91福利

Exotic States of Matter Created with an Intense XUV FEL

So-called 4th-generation light sources are set to revolutionize several areas of science. These novel radiation sources, based on free-electron-laser (FEL) technology, have spectral brightnesses between six and ten orders of magnitude greater than those both of any synchrotron, and any laser-plasma-based XUV source. Just a few months ago the world’s first true hard X-ray laser (1.5Å) was demonstrated at LCLS at SLAC, and the FLASH laser at Hamburg (which produces photons up to 200-eV in the fundamental, and 600-eV in the 3rd harmonic) has been operational for over two years. Both these sources are full user facilities, operating at high repetition rate (currently 5Hz for FLASH, and upto 120Hz at LCLS). Here, we present the first results of the interaction of such radiation interacting with matter at high intensities. 

We have taken the output of FLASH, operating with a photon energy of 92-eV, and, using a multilayer-coated off-axis-parabola, have focussed the XUV output to an intensity close to 10^17 Wcm^-2 – an intensity regime that, until recently, had remained the province of optical lasers (it is envisaged that with hard X-ray FELs such as LCLS, intensities in excess of 10^19 Wcm^-2 will be produced). At such high intensities, the XUV energy is transferred to the electrons in the aluminium target placed in the focal region on a time-scale that is short compared with that of significant ion motion. In particular, we infer that we can produce a new form of plasma, where - at least for a short time - the ions are still on their crystallographic positions, yet each ion is further ionized beyond its natural state in the metal.
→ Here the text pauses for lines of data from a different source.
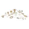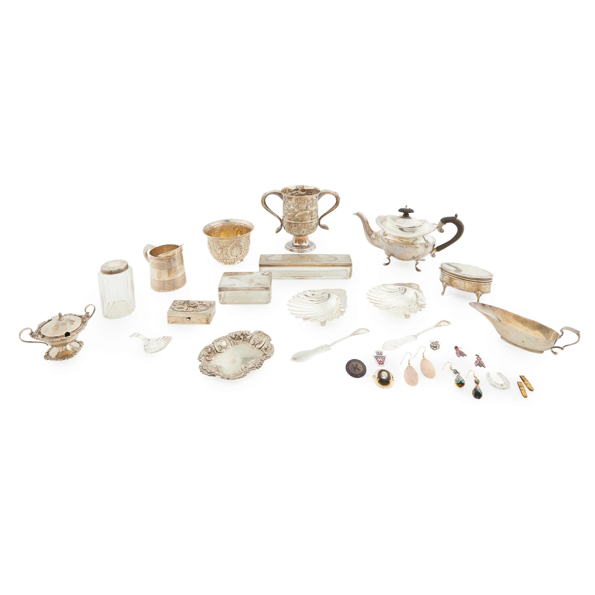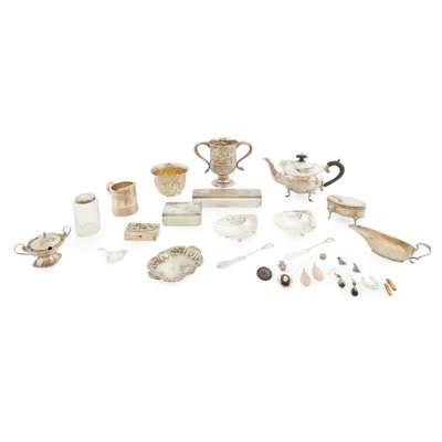 To include; an 18th-century twin-handled cup, later decorated, Newcastle; a dressing table box; a George III caddy spoon; a Victorian small sugar bowl; teapot; mustard pot and cover; small sauceboat; three lidded glass boxes; mug; cased pair shell dishes, etc.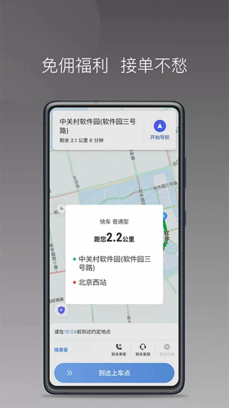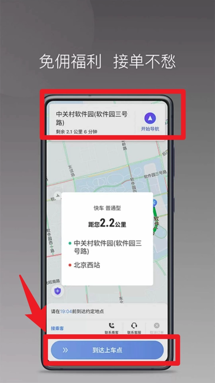 3. 成功登录后,接单界面会呈现用户的起终点以及导航路线。点击「到达上车点」即可开始出车,整个流程清晰明了,易于理解。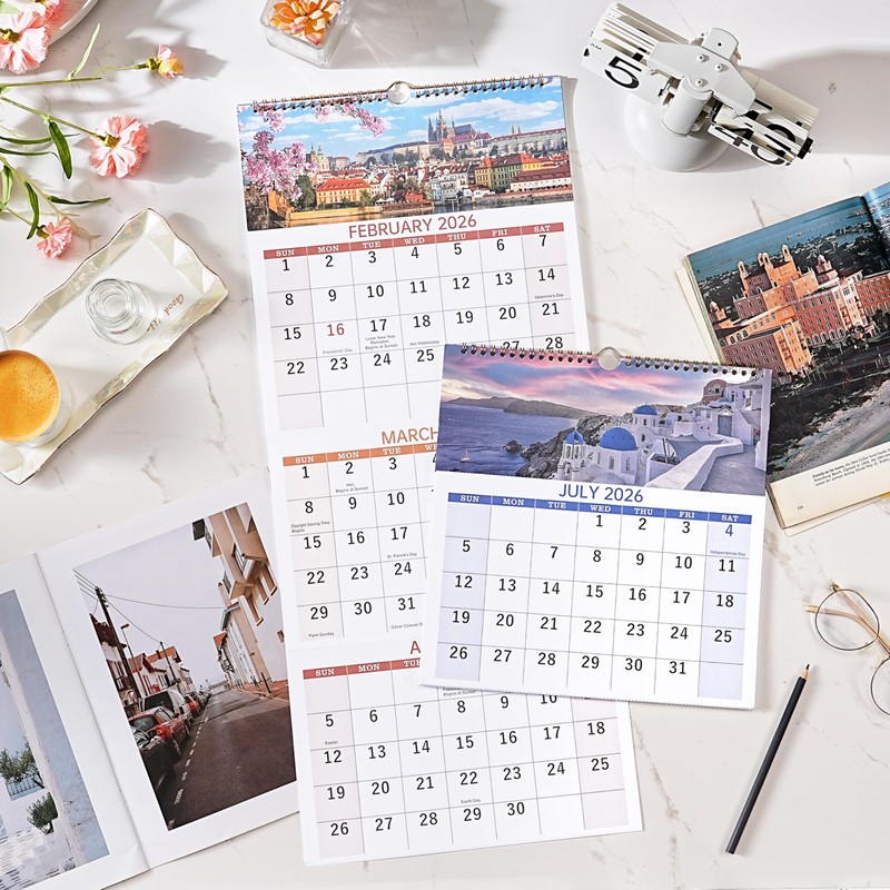 - Scenic Imagery – This 2026 wall calendar features 12 months of stunning landscape photography to brighten any room. Each month displays vibrant full-color images that provide daily inspiration throughout the year.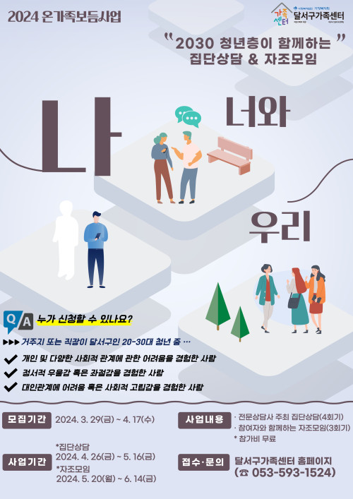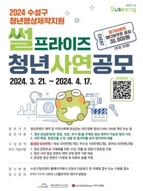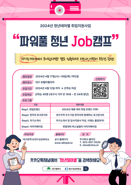 현재 모집 중 검색폼 대구광역시는 해당 페이지를 정보제공을 위한 목적으로 플랫폼을 운영하며, 각 게시글의 내용 및 운영방침에 대한 책임을 지지 않습니다. 대구광역시청년센터 사업 모아보기 전체보기 분야 : 전체 지원사업 채용/인턴/알바 기자단/서포터즈/자원봉사 공모전 교육/강연/토론 축제/공연/전시 커뮤니티활동 기타 정렬 : 전체 신규등록순 모집마감순 상태 : 전체 진행중 종료 기간 설정 검색 검색어 입력 꿀정보등록 누구나 쉽고 빠르게 청년정보를 등록하여 홍보할 수 있습니다. 전체선택 종료 안심 청아람 더 영(The Young) 행복주택 입주자 모집 대구도시개발공사 ~ 2024.04.17 종료 2030 청년층이 함께하는 집단상담 & 자조모임 참여자 모집 달서구가족센터 ~ 2024.04.17 종료 [ 공모/지원사업 ] "썰프라이즈" 청년 공모전 "청년들의 창작의욕 고취와 문화 발신을 위해 청년 영상 스토리를 공모합니다!" 수성구청년센터 ~ 2024.04.17 종료 (교육안내) 3월~4월 제품개발 및 공정혁신을 위한 전문기술 교육 첨단정보통신융합산업기술원 ~ 2024.04.17 종료 자원봉사 기초교육 수성구자원봉사센터 ~ 2024.04.16 종료 소규모 모임 야간 이용 체험단 모집 어바웃웍스 스튜디오 ~ 2024.04.16 종료 해피파트너스 원데이클래스 무료 수강생 모집! 서구종합사회복지관 ~ 2024.04.16 종료 파워풀 청년 JOB 캠프-2024년 청년테마별 취업지원사업 (주)클라인 ~ 2024.04.16 361 362 363 364 365 366 367 368 369 370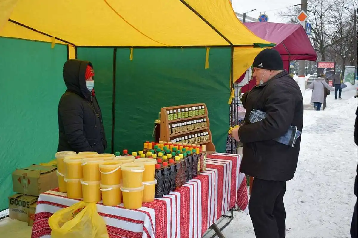 Протягом двох днiв, 29 i 30 грудня, мiстянам пропонуватимуть кондитерськi вироби, випiчку, м’яснi та рибнi делiкатеси, сири, овочi, фрукти й сухофрукти, солiння, меди, чаї, каву. Також тут продають ялинковi прикраси, сувенiри, бiжутерiю, ялинки.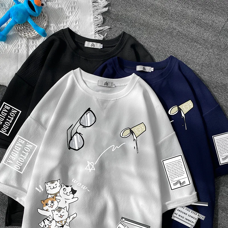 Футболка с короткими рукавами для мужчин, лето 2022, черно-белая футболка с принтом, футболки, брендовая модная одежда размера плюс M-5XL с круглым вырезом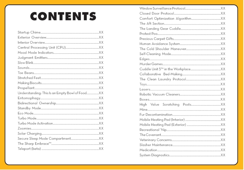The Cat Operator's Manual is a fresh and quirky guide to understanding your cat, complete with assembly, warnings, insights into all of your Cuddle Units features and modes, and a bonus sticker sheet. We recommend that you read these operating instructions thoroughly to quickly become acquainted with your Cuddle Unit and enjoy all of its features.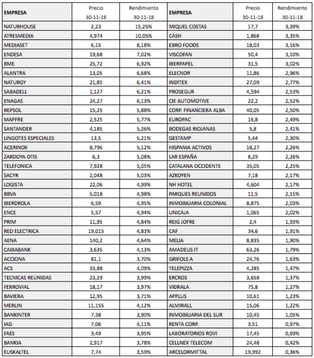 Las tres tablas siguientes recopilan los dividendos ordinarios pagados por las empresas cotizadas en el mercado continuo español a lo largo de 2018. No se han tenido en cuenta compañías domiciliadas en el extranjero (Airbus, Aperam, Bayer, Berkeley, CCEP, Edreams, Reno Medici), con la excepción de ArcelorMittal. Los datos han sido obtenidos mayoritariamente de la Sociedad de Bolsas y de la Bolsa de Madrid.

We demonstrate that within the time-scale of the 15-fs FLASH laser pulse we can photoeject an L-electron from every atom within the focal spot, which produces a shift in the L-edge such that the solid aluminum turns transparent to the incident radiation, resulting in the first observation of saturable absorption in the XUV.[1]  We further discuss the XUV emission spectra recorded while the heated material was at solid density, before the ions had time to move, and how it may provide unique information on the electronic structure of warm dense matter. We show that as many atoms are photo-ionized, from the point of view of the fluorescence emission, the system is acting very much like a photo-generated alloy.

It is our view that these type of experiments could be of importance for the ICF community, and that X-ray FELs will be complementary facilities to much high-energy-density plasma research: we will show that such intense XUV and X-ray irradiation is an ideal way of producing warm dense matter (i.e. matter around solid density, but with thermal energies comparable with the coulombic energies). The equation of state of matter under such conditions is still poorly understood, yet it remains an important regime during the implosion process, as will as being of significance for the physics of the planetary interiors of the gas giants.

·      ^* Co-authors of this work include all of the members of the ‘Peak Brightness Collaboration’, which comprise all authors of reference [1].

·      [1] Bob Nagler et al, ‘Turning Aluminium Transparent by Intense Soft X-Ray Photoionization’, Nature Physics, published online 26 July 2009, doi:10.1038/nphys1341.